THE TASK » Pictures must not appear in the copy. Restate exactly the lines below from the one with "نام کتاب : الفكر" through the one with "Линейка жижки Parallel", inclusive.
■ ■ ■ ■
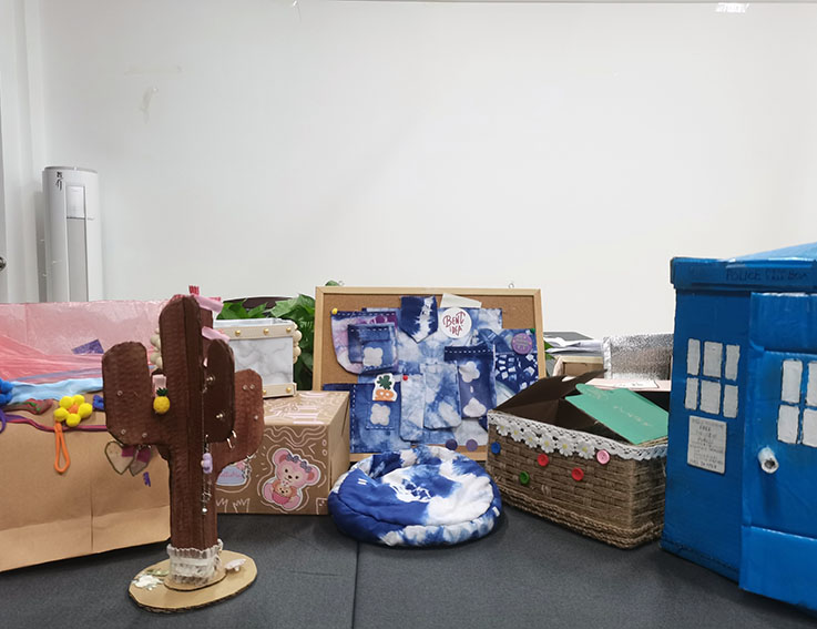 为最大程度利用宿舍空间,同学们选用各种废旧材料,制作出既实用又美观的宿舍收纳物品。有采用传统蓝染的方式,把旧T恤扎染后做成收纳,使作品更有温度、具有生活气息;有的同学则是利用快递盒,麻绳,纽扣等,采用柳编的形式做成收纳箱,不仅做到了废物利用,更锻炼了动手能力,感受了中国民间传统手工的魅力。一件件精美的收纳作品,不仅更有效利用空间、美化整洁了宿舍,更展现了新时代精致女孩、男孩的生活态度。
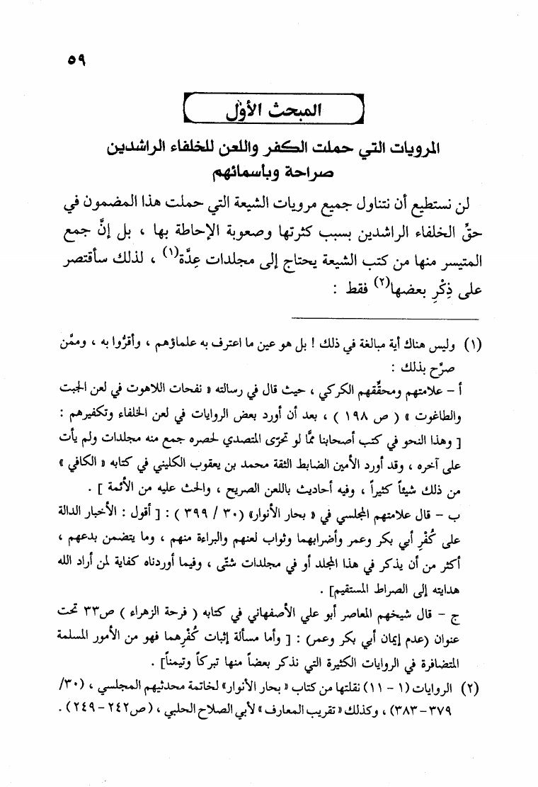 نام کتاب : الفكر التكفيري عند الشيعة حقيقة أم افتراء دراسة موثقة من مرويات الشيعة وتقريرات علمائهم أساساً ومحوراً لها في لفاطة اللثام عن هذه القضية الخطيرة نویسنده : عبد الملك بن عبد الرحمن الشافعي جلد : 1 صفحه : 59
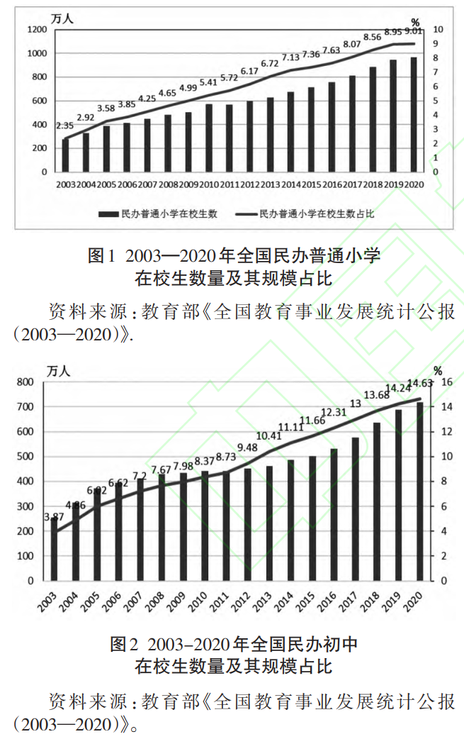 2003—2020 年,全國(guó)民辦普通小學(xué)在校生數(shù)從 274.93 萬人增加到 966.03 萬人,占全國(guó)普通小學(xué)在校生總數(shù)的比例從 2.35%提高到 9.01%,在校生平均規(guī)模從 484 人增加到1 561 人;全國(guó)民辦初中(包括普通初中和職業(yè)初中)在校生數(shù)從 258.85 萬人增加到 718.96萬人,占全國(guó)初中在校生總數(shù)的比例從 3.83%提高到 14.63%,在校生平均規(guī)模從 699 人增加到 1 190 人。這種格局變化反映了人民群眾對(duì)教育需求的多樣化程度。由民辦學(xué)校實(shí)施義務(wù)教育意味著公共教育服務(wù)責(zé)任部分地從政府向市場(chǎng)轉(zhuǎn)移;并且民辦義務(wù)教育學(xué)校在校生數(shù)和平均規(guī)模均大幅度增長(zhǎng),表明民辦義務(wù)教育發(fā)展策略以規(guī)模增長(zhǎng)為主 。
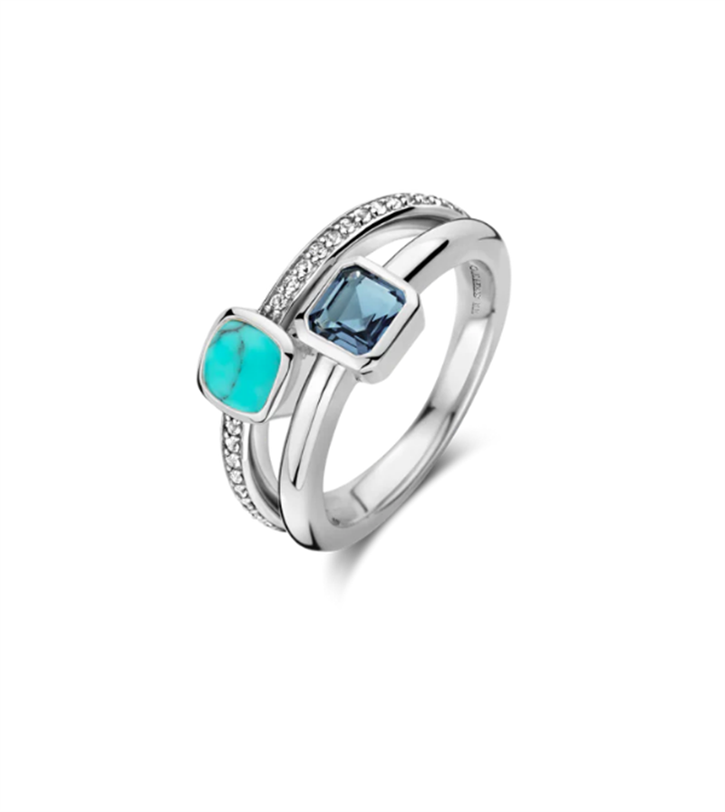Ti Sento Silver Ring With Turquoise, Blue Crystal And Cz.
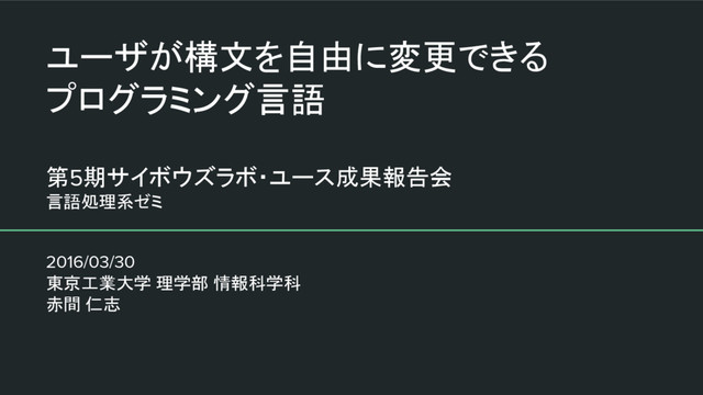ユーザが構文を自由に変更できる プログラミング言語 第5期サイボウズラボ・ユース成果報告会 言語処理系ゼミ 2016/03/30 東京工業大学 理学部 情報科学科 赤間 仁志
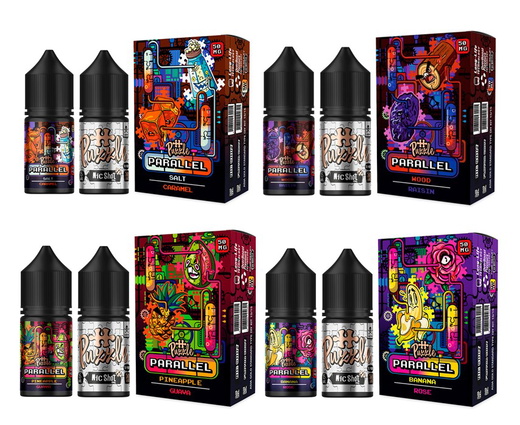 Линейка жижки Parallel предлагает интересные и нестандартные сочетания: от сладких десертов до свежих фруктов с лёгкими цветочными или пряными акцентами.
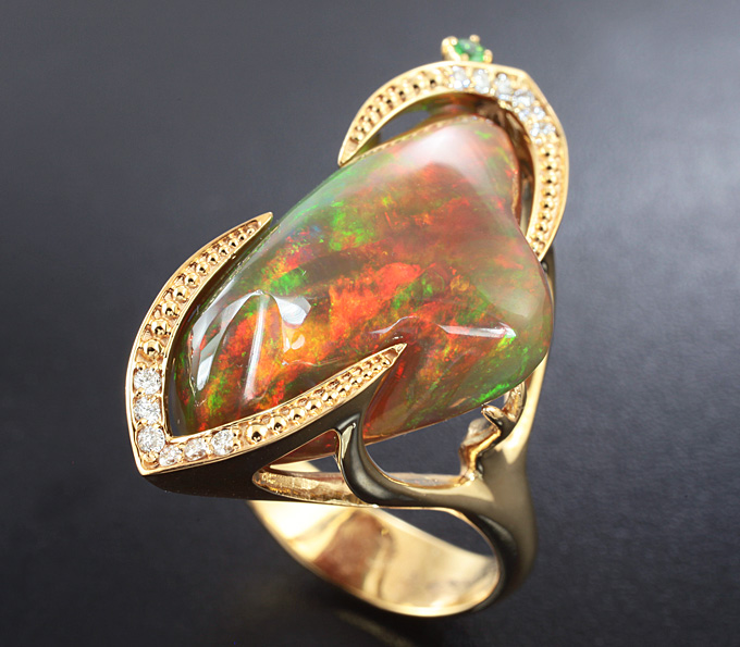 Кольцо с фантастическим опалом, бриллиантами и цаворитом гранатом
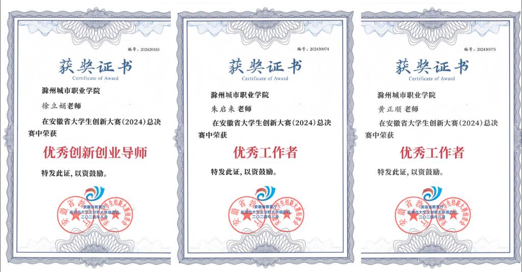 近日,安徽省大学生创新大赛(2024)暨中国国际大学生创新大赛(2024)安徽赛区获奖名单公布。总决赛中,学校取得了1项金奖、1项银奖和23项铜奖的好成绩,荣获优秀组织奖,1位教师获优秀创新创业导师奖,2位老师被评为大赛优秀工作者。
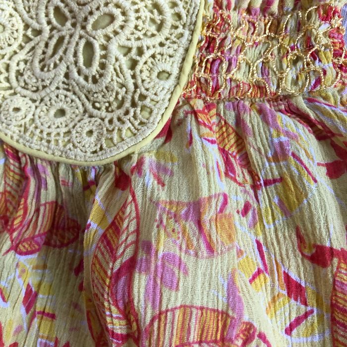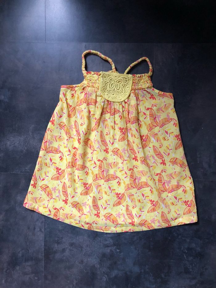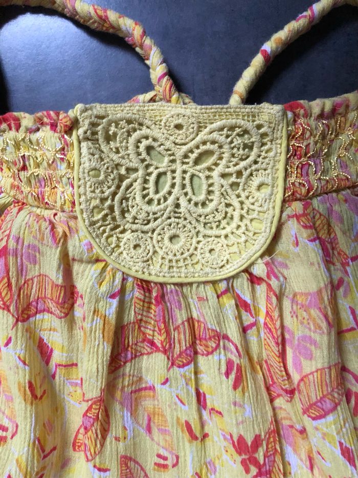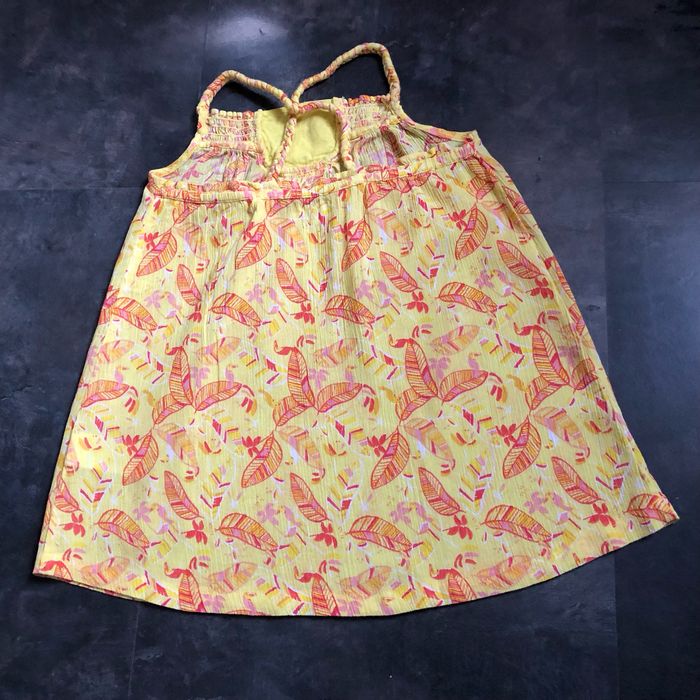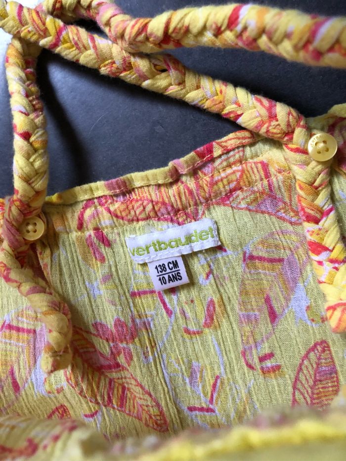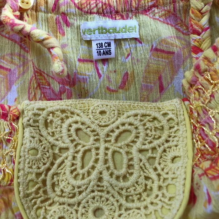 Tunique jaune imprimé plumes rouge Bretelles tresses réglables Smocks et papillon macramé en haut devant 100% coton Taille 10 ans 138 cm vert baudet
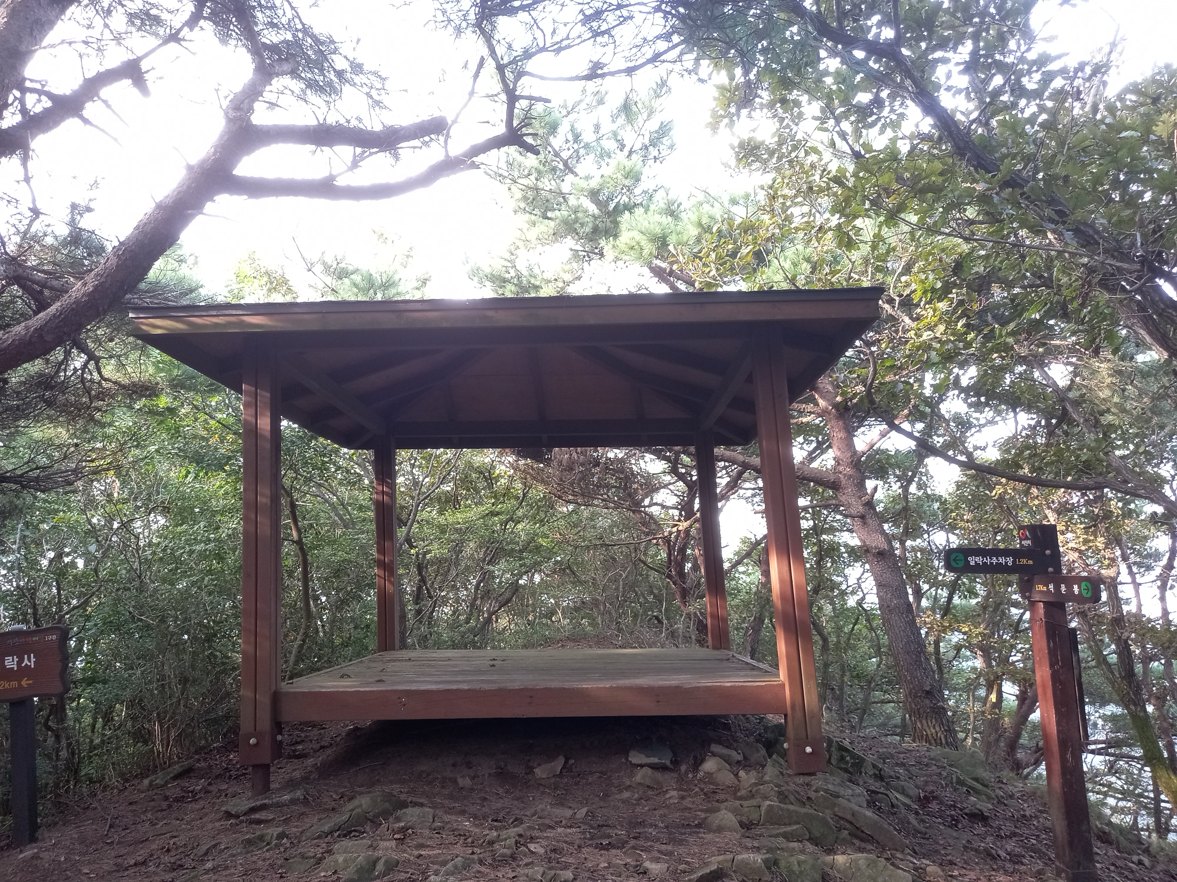 <일락산 정상의 쉼터와 이정표>
■ ■ ■ ■
EXERCISE OUTPUT »
 نام کتاب : الفكر التكفيري عند الشيعة حقيقة أم افتراء دراسة موثقة من مرويات الشيعة وتقريرات علمائهم أساساً ومحوراً لها في لفاطة اللثام عن هذه القضية الخطيرة نویسنده : عبد الملك بن عبد الرحمن الشافعي جلد : 1 صفحه : 59
 2003—2020 年,全國(guó)民辦普通小學(xué)在校生數(shù)從 274.93 萬人增加到 966.03 萬人,占全國(guó)普通小學(xué)在校生總數(shù)的比例從 2.35%提高到 9.01%,在校生平均規(guī)模從 484 人增加到1 561 人;全國(guó)民辦初中(包括普通初中和職業(yè)初中)在校生數(shù)從 258.85 萬人增加到 718.96萬人,占全國(guó)初中在校生總數(shù)的比例從 3.83%提高到 14.63%,在校生平均規(guī)模從 699 人增加到 1 190 人。這種格局變化反映了人民群眾對(duì)教育需求的多樣化程度。由民辦學(xué)校實(shí)施義務(wù)教育意味著公共教育服務(wù)責(zé)任部分地從政府向市場(chǎng)轉(zhuǎn)移;并且民辦義務(wù)教育學(xué)校在校生數(shù)和平均規(guī)模均大幅度增長(zhǎng),表明民辦義務(wù)教育發(fā)展策略以規(guī)模增長(zhǎng)為主 。
Ti Sento Silver Ring With Turquoise, Blue Crystal And Cz.
ユーザが構文を自由に変更できる プログラミング言語 第5期サイボウズラボ・ユース成果報告会 言語処理系ゼミ 2016/03/30 東京工業大学 理学部 情報科学科 赤間 仁志
 Линейка жижки Parallel предлагает интересные и нестандартные сочетания: от сладких десертов до свежих фруктов с лёгкими цветочными или пряными акцентами.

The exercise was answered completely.